-- Material for the task follows --
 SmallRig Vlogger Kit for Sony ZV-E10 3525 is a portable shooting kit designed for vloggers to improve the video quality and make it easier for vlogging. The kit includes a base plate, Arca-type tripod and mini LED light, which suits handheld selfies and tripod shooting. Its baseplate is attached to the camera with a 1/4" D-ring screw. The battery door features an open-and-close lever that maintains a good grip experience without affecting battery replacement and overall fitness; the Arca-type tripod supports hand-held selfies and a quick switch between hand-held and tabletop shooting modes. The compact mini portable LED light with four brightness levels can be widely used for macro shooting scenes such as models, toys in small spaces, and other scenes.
-- Material for the task concluded --
-- Material for the task follows --
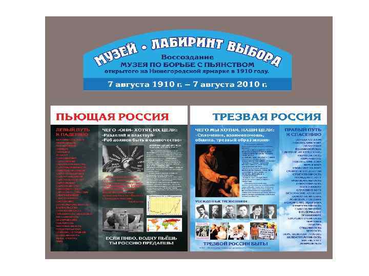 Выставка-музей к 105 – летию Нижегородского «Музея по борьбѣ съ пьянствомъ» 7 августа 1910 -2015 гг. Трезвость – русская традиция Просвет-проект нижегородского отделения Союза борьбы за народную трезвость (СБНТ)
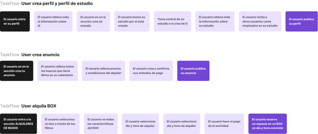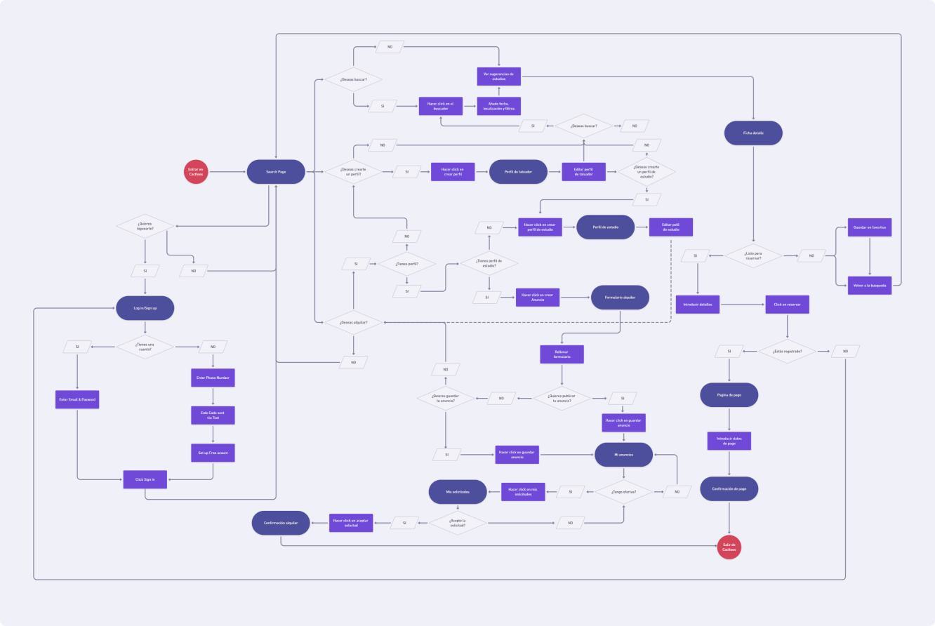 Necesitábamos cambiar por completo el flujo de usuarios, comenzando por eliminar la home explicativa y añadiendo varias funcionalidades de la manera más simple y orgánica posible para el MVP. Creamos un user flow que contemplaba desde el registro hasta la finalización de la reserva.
-- Material for the task concluded --
-- Material for the task follows --
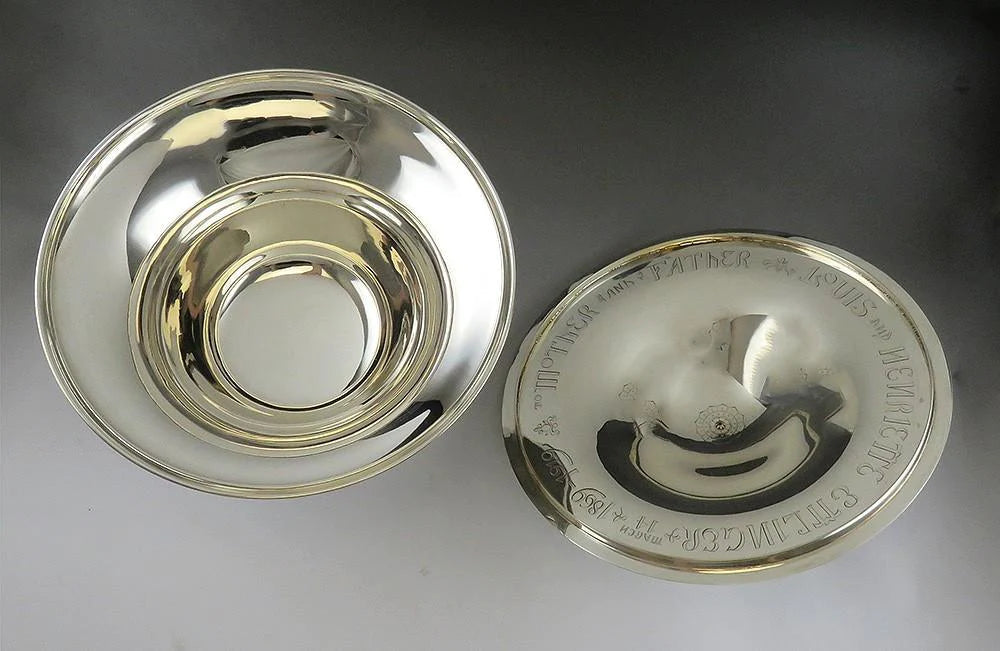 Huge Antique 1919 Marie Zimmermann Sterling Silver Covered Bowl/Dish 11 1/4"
-- Material for the task concluded --
# What you need to do
From the records above, output only the lines starting at the one containing "Выставка-музей к 105" and ending at the one containing "Necesitábamos cambiar por", word for word. Pictures stay out.

# Task result
 Выставка-музей к 105 – летию Нижегородского «Музея по борьбѣ съ пьянствомъ» 7 августа 1910 -2015 гг. Трезвость – русская традиция Просвет-проект нижегородского отделения Союза борьбы за народную трезвость (СБНТ)
 Necesitábamos cambiar por completo el flujo de usuarios, comenzando por eliminar la home explicativa y añadiendo varias funcionalidades de la manera más simple y orgánica posible para el MVP. Creamos un user flow que contemplaba desde el registro hasta la finalización de la reserva.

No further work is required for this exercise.